With the race to the Oscars in the final stages here we have the last of the big contenders to throw its Texas cowboy hat into the ring. This is a script which has been in one pipeline or another for twenty years and endured numerous false starts. With the apparently undesirable subject matter of a homophobic cowboy selling drugs to dying homosexual aids sufferers the project has consistently been deemed untouchable. The same pitfall nearly scuppered this attempt to commit the script to celluloid as backers pulled out at the last minute. Nonetheless, production forged ahead on a budget of $5 million dollars (provided by new equity provider Truth Entertainment) and only 25 days to complete the shoot (down from 40 days). This was a labour of love, and it shows.

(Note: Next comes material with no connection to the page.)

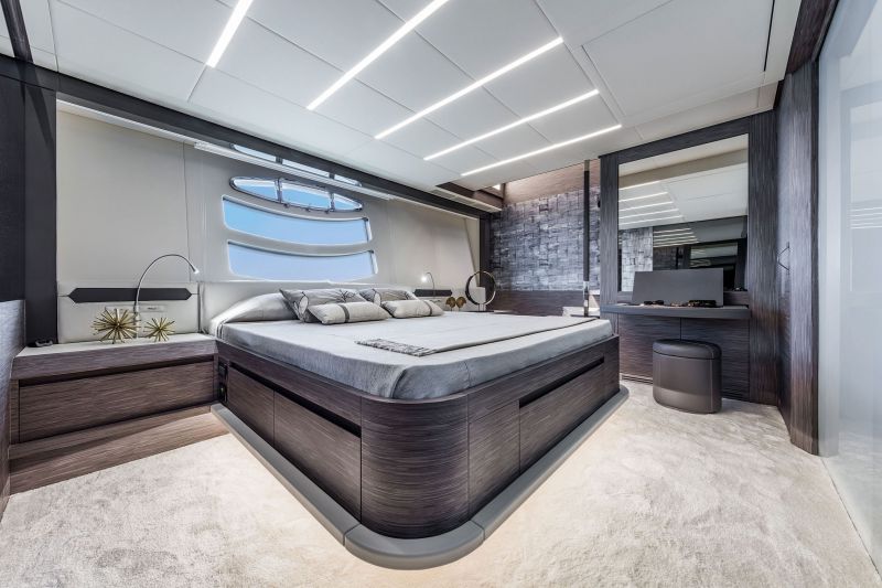 Итак, сразу после насыщенного эмоциями и скоростями дня на воде эта яхта превращается в красивое и комфортабельное пространство для наслаждения панорамными видами. Во всех гостевых зонах Pershing царит атмосфера спокойствия и умиротворения. Темная и светлая древесина дуба с контрастными прожилками в сочетании с темно-серыми лакированными деталями придает изысканности главному салону – просторному, приятному и наполненному воздухом и светом помещению, в котором гости могут почувствовать себя легко и непринужденно, отдыхая в окружении мебели всемирно известной итальянской марки Poltrona Frau. Например, удобно устроившись на огромном кожаном диване Quadra или за деревянным столом Laurana со стеклянной столешницей. Фабрика Poltrona Frau является одним из давних и хорошо известных партнеров верфи, поэтому именно ей было поручено заняться отделкой еще и поста управления. Три эргономичных спортивных кресла для капитана и пары гостей – также работа Poltrona Frau.

For what is easily the performance of his career Matthew McConaughey plays the charismatic yet charmless Ron Woodruff in this big screen telling of his true life story. There is no escaping that the movie completely rests on McConaughey’s shoulders as there is barely a scene in which he does not feature and he is effortlessly brilliant in each and every one of them. Defying all the archetypes we have come to associate with his on screen persona he shows gut punching vulnerability and a dark complexity that has certainly caught many previous detractors off guard. After undergoing truly shocking weight loss for this role he strikes a gaunt ghostly figure, but triumphantly reaches the audience on a universal human level rather than through a bulging chest or ripped abs. The same can be said of supporting co-star Jared Leto who gently shines as trans woman Rayon, breaching boundaries of gender identity to a place everybody can reach, summed up in the hauntingly delivered line: ‘I don’t want to die!’

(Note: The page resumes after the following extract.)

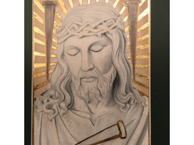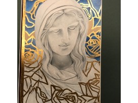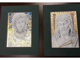 A set of magnificent works of Jesus and Mary from JPII student artist, Sabrina Frazier. Created using gold leaf and colored pencil, they are a set to behold. Mary is surrounded by the 7 roses of sorrow and Jesus, looking to Mary on his right, has the 3 spikes. The two spikes on His right and left represent the 11th Station of the Cross. Both are a little larger than 5" x 7" in size.
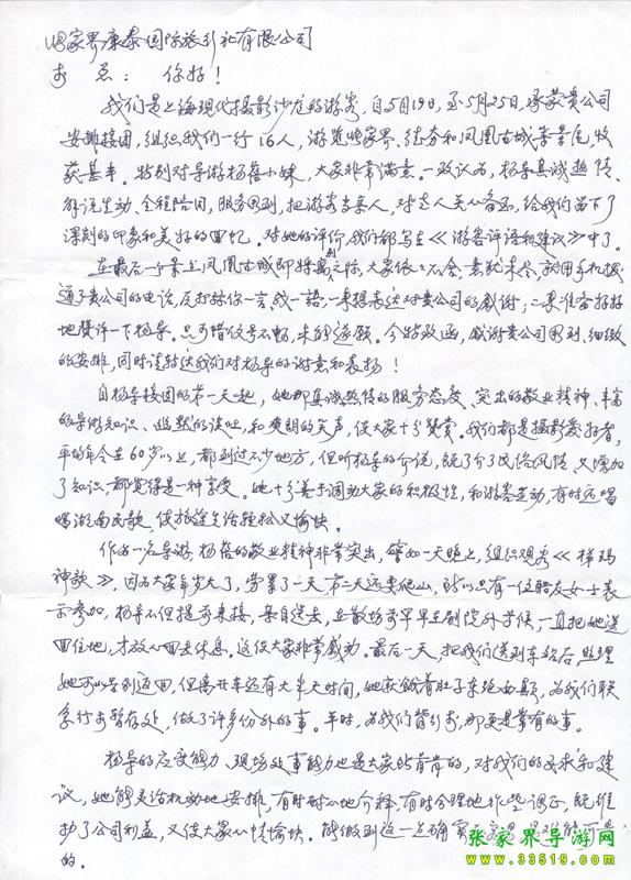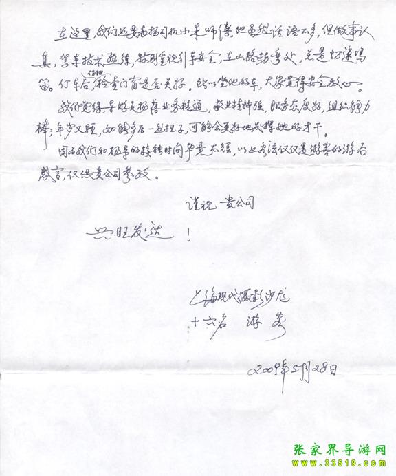 2009年5月19日“上?,F(xiàn)代攝影沙龍”一行16人,參加張家界旅游導游網(wǎng)組織的張家界旅游跟團,于2009年5月25日結(jié)束行程。游玩期間,由于導游楊蓓的出色講解和周到的服務(wù),得到客人的一致好評??腿颂丶谋頁P信一封,如下:

Minor online controversy surrounding the accuracy of the portrayal of Woodruff as a homophobe, with some even suggesting that he was bisexual, is understandable but a little misplaced. During that period in history many would favour keeping such things private and would not want to openly be associated with the gay community. While we can all agree that this damages the credibility of the narrative truth of the movie (he also had a daughter and a sister who have been completely erased) it does not take away any of the bigger truths about the situation with HIV in the 80s and the desperation of those who had been left for dead by their government and shunned by the wider community. 

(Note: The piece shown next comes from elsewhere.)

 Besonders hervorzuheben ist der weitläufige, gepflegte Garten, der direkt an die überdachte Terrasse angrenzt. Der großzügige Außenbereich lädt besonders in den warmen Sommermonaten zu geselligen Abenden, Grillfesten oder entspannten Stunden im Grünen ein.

Like many of the other historical movies hitting the big screen at the moment, The Railway Man and 12 Years a Slave come to mind, Dallas Buyers Club shows us a different side to a well known historical event furthering our understanding of the period and its struggles. The transformation of Woodruff in the film is clearly plotted and hard fought; he is no easy convert for the people he begins to treat, but through shared suffering and a common foe his outlook changes, just as anyone’s would when starring their own mortality square in the eye.

Combining historical elements with a well worked script and some career defining performances Dallas Buyers Club is profound without preaching and will connect with even the hardest of audiences by conveying its story in language that everyone can relate to.